The G⁺(ss) conformer, the third in the energetical sequence at MP2/6-31G*, is stabilized by hydrogen bonds each closing five membered rings between (α)O-H and the carbonyl oxygen. The G⁺(aa) rotamer is stabilized by hydrogen bonds between (β)O-H and O=C groups of S(6) motif. The energy difference between the G⁺(aa) and the G⁺(ss) conformers, at MP2/6-31G* level, is relatively small and equals 0.11 kcal/mol.

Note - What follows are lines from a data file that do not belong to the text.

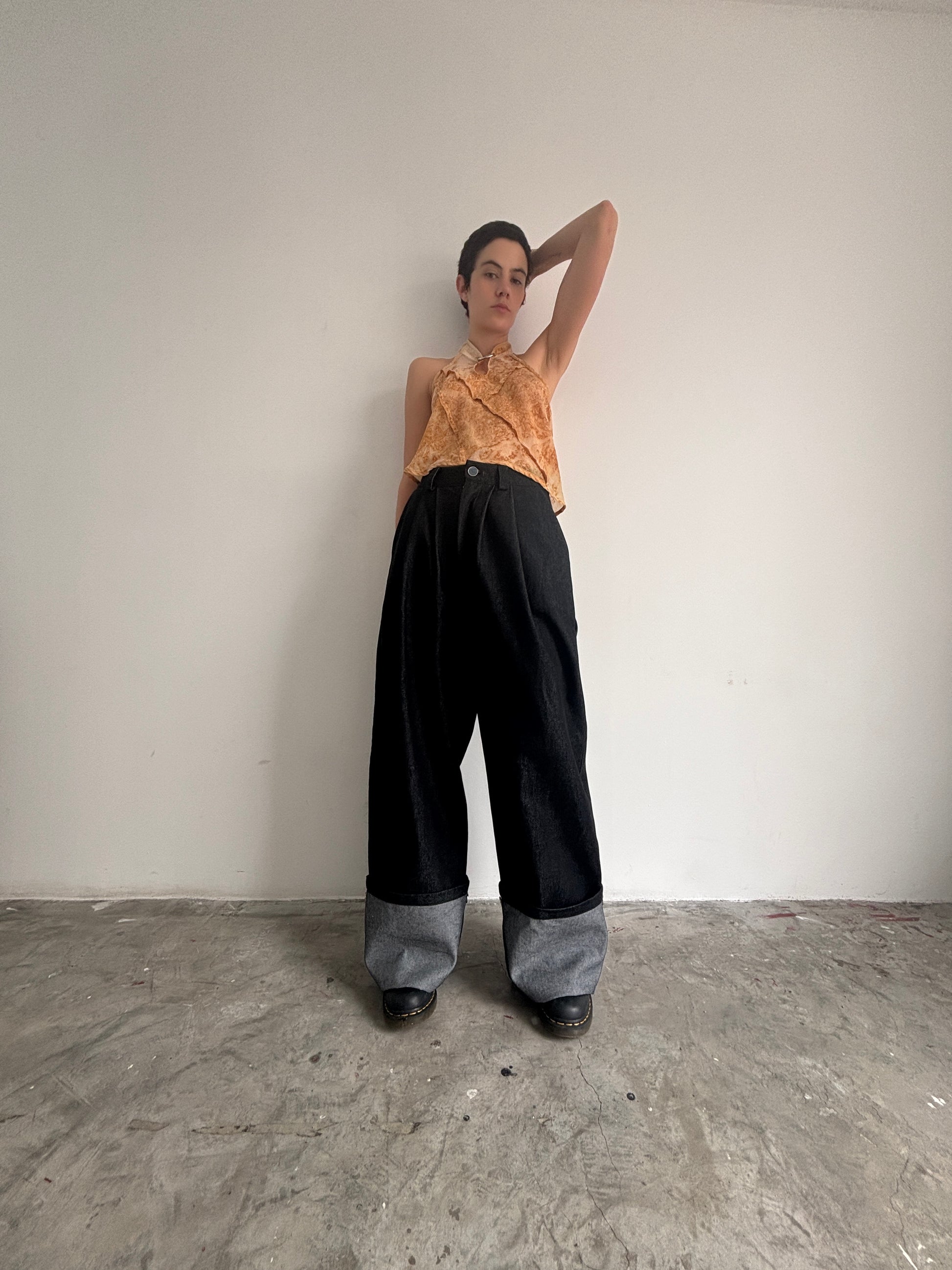 Pure bombacho, reinvented. Extra fabric, barrel-like fit, and soft pleats make these pants a playful take on a classic silhouette. The large hem is tied with buttons, letting you tweak the shape while keeping the relaxed, oversized energy intact. Made in small-batch production, each pair is limited and carefully crafted—once it’s gone, it’s gone.
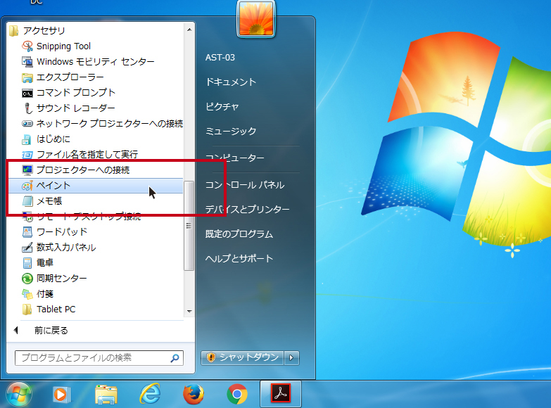 Acrobat Readerを終了し、「ペイント(または画像編集ソフト)」を起動します。
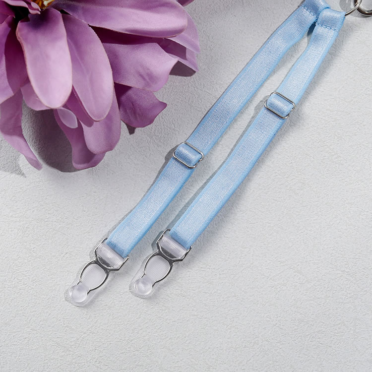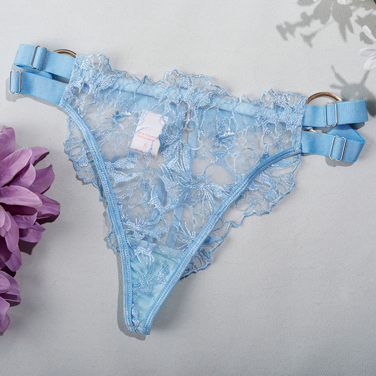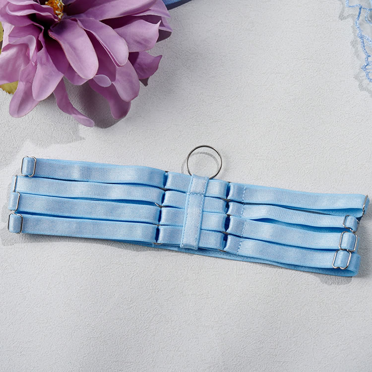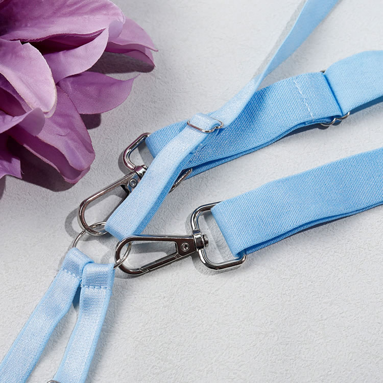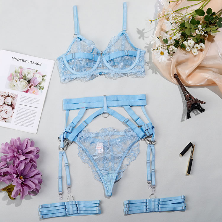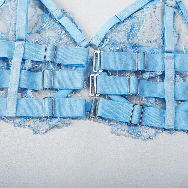 This bold blue lingerie set combines structured straps with intricate lace detailing for a striking look. The bra features a deep plunge design with adjustable bands, metal buckles, and a central ring that adds an edgy touch. Paired with a high-cut garter straps that includes crisscrossed harness-style straps and matching thigh cuffs, it creates a dramatic silhouette perfect for those who enjoy strong, confident styles.
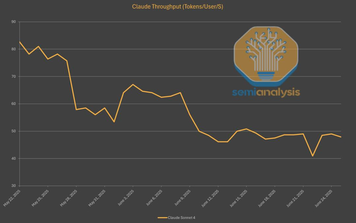 Claude 4 Sonnet发布以来,输出速度已经下降了40%,但仍然比DeepSeek快不少。
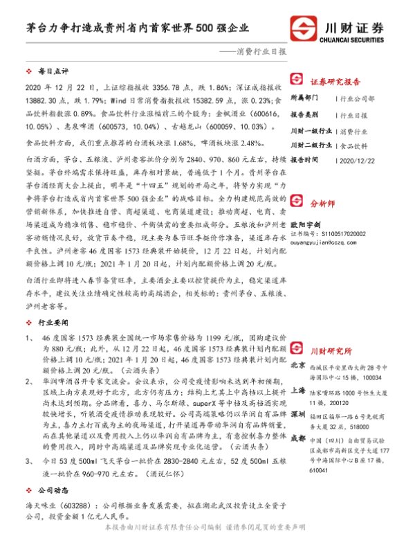 【川财证券】【20201222】消费行业日报:茅台力争打造成贵州省内首家世界500强企业-3页 行业研究
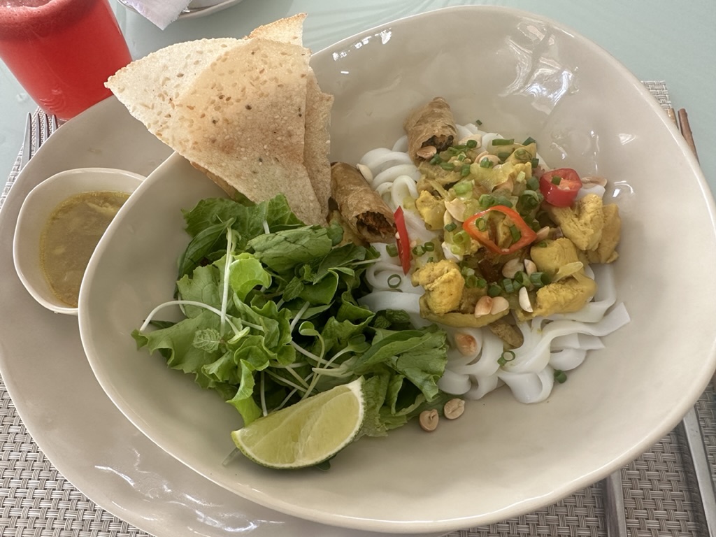 平たいライスヌードル、5種類のスパイスを効かせたチキン、地元のハーブ、野菜の揚げ春巻き、トマトグレイビー、ライスクラッカー、ライム
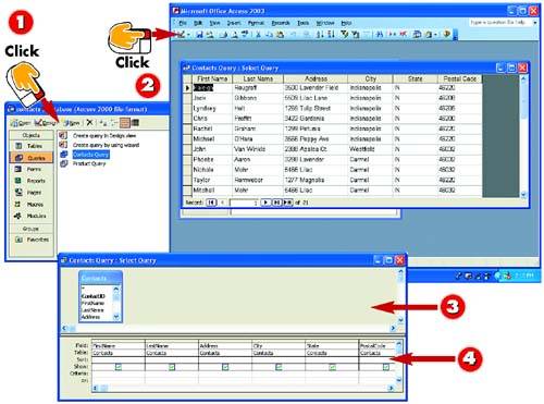If you are using a wizard to build a query, the query will be open, and you can simply switch to Design view. If you are modifying an existing query, you'll start from the database window, click the Queries option in the Objects bar, select the query you want to open, and then click the Design button. |

Ab-initio calculations clearly indicate that the extended T conformation with both carbonyl oxygens eclipsed by α-hydroxyls is preferred for the isolated molecules. This T(ss) conformation being stabilized by intramolecular hydrogen bonds between α-hydroxyls and the nearest carbonyl oxygens and by the attraction of two pairs of antiparallel dipoles formed by (β)C-H and C-O(Me) bonds. The T(as) conformer which differs from the lowest energy form by 180° rotation of one of the ester groups and which is present in the crystal, may also exist in equilibrium with the T(ss) conformer. At MP2/6-31G* level this conformer has a relative energy equal to 1.2 kcal/mol. However this conformer is asymmetrical and the lowest energy form possesses C₂ symmetry. Because of entropy reasons, the asymmetrical conformers are preferred to symmetrical ones by RTlnω, where R is the gas constant, T is the temperature in Kelvin and ω is a degeneracy of the state. For the analyzed systems we obtain the value of 0.41 kcal/mol and by this amount any symmetrical conformer of dimethyl (R,R)-tartrate is destabilized in comparison with an asymmetrical one [23].

Conclusions

Both X-ray and ab-initio studies indicate that dimethyl (R,R)-tartrate tends to adopt the extended T conformation with ester groups mutually trans, hydroxyls minus gauche, and hydrogens plus gauche. The ester groups do not form an extension of the carbon chain but their oxygens tend to eclipse α-hydroxyl groups. In isolated molecules such a conformation is always stabilized by intramolecular hydrogen bonds between the hydroxyl and the neighboring ester groups. Quantum chemical calculations point out the T(ss) and T(as) conformers as the two lowest energy forms. The latter conformer has also been found in the crystal structure. However, due to the engagement of the hydroxyl groups in intermolecular rather than intramolecular hydrogen bonds, the T(as) conformer in the solid state differs from its analog in the gas phase in the orientation of O-H bonds. Common to all these conformers is an antiparallel arrangement of two pairs of (β)CH/CO bonds leading to attractive dipole-dipole interactions. This type of interaction seems therefore to be a meaningful factor in stabilizing a particular conformation of dimethyl (R,R)-tartrate.